Oyunu yazarken yalnız olmadığımı görmek istiyordum şimdi hiç kimsenin yalnız olmadığını bilmesini istiyorum. Sanırım oyunu oynamaya farklı şehirlere farklı insanlara ulaştırdıkça bunu daha fazla göreceğiz.
Bu oyunu ben yazdım fakat dramaturglarımız Ayşe Gül Altınay, Özlem Karadağ ve Fatih Artvinli’nin derin analizleri ve yönlendirmeleri, Füsun Demirel’in hem oyunculuk tecrübesiyle hem feminist bakış açısıyla katkıları diğer oyuncu arkadaşlarımızın deneyimleri ve teknik ekipteki arkadaşlarımızın kendi tecrübeleri oyunun son haline gelmesini sağladı.
Evim! Güzel Evim! Bizi dönüştürmeye devam ediyor umarım her dokunduğumuz insana da aynı etkiyi yapar.
Evim! Güzel evim! oyununda başrolü oynayan Füsun Demirel ise Yarın Haber’e şöyle konuştu:
Ebru Nihan Celkan texti gönderdi, okudum. Aile içi şiddet çok hassas olduğumuz bir konu. Melek karakteri ilgimi çekti.
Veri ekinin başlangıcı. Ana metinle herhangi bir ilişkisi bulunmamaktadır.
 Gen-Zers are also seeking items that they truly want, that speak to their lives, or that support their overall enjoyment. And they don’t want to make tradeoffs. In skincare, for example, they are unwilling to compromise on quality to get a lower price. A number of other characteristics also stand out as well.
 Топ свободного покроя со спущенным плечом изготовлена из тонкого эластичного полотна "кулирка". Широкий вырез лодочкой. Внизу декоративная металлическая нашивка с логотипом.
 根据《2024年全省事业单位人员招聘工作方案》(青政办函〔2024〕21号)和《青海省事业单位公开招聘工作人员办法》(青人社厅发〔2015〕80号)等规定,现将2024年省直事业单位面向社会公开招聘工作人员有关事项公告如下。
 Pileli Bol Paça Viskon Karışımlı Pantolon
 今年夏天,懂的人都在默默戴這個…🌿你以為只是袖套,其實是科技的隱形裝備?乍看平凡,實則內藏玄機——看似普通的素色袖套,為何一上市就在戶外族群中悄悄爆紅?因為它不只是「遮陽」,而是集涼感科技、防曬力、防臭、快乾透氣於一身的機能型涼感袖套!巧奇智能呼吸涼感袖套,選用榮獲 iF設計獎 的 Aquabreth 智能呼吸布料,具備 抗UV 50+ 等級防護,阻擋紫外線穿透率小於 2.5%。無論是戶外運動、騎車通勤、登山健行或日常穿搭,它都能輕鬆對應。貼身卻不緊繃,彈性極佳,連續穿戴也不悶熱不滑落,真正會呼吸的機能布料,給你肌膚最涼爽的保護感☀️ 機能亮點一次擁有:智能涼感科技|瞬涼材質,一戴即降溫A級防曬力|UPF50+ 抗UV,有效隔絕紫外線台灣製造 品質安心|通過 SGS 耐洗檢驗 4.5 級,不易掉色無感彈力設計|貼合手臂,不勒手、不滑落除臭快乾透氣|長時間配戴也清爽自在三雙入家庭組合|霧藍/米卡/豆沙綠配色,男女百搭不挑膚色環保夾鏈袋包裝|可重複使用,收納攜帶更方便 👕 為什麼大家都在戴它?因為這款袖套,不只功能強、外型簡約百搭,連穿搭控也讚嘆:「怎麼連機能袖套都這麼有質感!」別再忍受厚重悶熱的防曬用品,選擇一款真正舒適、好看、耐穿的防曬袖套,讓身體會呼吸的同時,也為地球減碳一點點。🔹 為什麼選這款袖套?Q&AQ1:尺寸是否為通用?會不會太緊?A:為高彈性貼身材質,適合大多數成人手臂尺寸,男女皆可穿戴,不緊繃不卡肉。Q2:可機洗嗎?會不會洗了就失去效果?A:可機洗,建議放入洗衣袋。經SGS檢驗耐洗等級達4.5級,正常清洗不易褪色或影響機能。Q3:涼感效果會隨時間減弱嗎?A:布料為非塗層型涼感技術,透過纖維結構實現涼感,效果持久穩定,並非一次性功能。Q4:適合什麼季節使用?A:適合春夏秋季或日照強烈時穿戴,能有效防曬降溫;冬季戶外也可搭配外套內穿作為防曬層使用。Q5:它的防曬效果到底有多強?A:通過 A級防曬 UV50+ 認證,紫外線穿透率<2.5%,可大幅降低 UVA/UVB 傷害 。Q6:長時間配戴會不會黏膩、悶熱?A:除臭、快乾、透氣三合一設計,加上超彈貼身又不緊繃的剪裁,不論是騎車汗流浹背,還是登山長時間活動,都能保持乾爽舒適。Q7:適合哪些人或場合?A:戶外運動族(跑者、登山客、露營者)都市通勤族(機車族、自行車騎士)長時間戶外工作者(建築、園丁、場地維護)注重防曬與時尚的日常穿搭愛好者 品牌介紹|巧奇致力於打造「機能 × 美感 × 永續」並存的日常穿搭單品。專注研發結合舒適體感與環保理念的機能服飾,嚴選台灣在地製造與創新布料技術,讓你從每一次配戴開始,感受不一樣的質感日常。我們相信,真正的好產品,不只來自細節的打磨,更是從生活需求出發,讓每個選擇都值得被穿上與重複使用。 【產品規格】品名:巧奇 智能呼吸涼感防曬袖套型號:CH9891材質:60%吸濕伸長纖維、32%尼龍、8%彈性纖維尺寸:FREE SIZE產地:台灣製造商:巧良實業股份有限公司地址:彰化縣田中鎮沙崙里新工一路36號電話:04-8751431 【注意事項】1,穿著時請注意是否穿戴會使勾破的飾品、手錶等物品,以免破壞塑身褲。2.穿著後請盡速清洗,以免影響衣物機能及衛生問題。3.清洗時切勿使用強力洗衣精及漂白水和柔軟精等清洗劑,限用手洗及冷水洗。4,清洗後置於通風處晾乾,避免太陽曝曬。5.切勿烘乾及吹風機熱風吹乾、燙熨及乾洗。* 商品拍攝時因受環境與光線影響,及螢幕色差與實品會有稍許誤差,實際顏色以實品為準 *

Çünkü yasadığı psikolojik ve fiziksel şiddete rağmen aile birliğini ve evliliğini korumak için caba gösteriyordu.
Bir de tabii bulut tiyatronun diğer oyuncularıyla tanıştığımda o gençlerin ışıldayan yüzlerini görünce oyuna dahil olmam gerekliliğini anladım.
Oyunu izleyen hem tiyatro eleştirmenleri hem. Seyircilerden çok iyi notlar aldık. Oyun herkesi çok etkiledi. Kadını da erkeği de genci de yaşlıyı da çok etkiledi. Çünkü bu ülke topraklarında yaşayıp da psikolojik ve fiziksel şiddeti yasamamış insan herhalde yoktur. Hele hele kadınsanız bu oran katlanır. Hemen herkes kendinden ailesinden yakın çevresinden bir şeyler buldu oyunda.
Ve bu travmaların bu acıların ortak olduğuna çözümünde ortak bulunabileceğine kanaat getirdiler pek çoğu. Biz oyunu sadece İstanbul’da Beyoğlu’nda ve ayda bir iki oyunla sınırlandırmayıp geniş kitlelere ulaştırabildiğimiz oranda kadına yönelik şiddeti önlenebilir kılmanın minik adımlarından biri olduğumuz inancını taşıyabiliriz.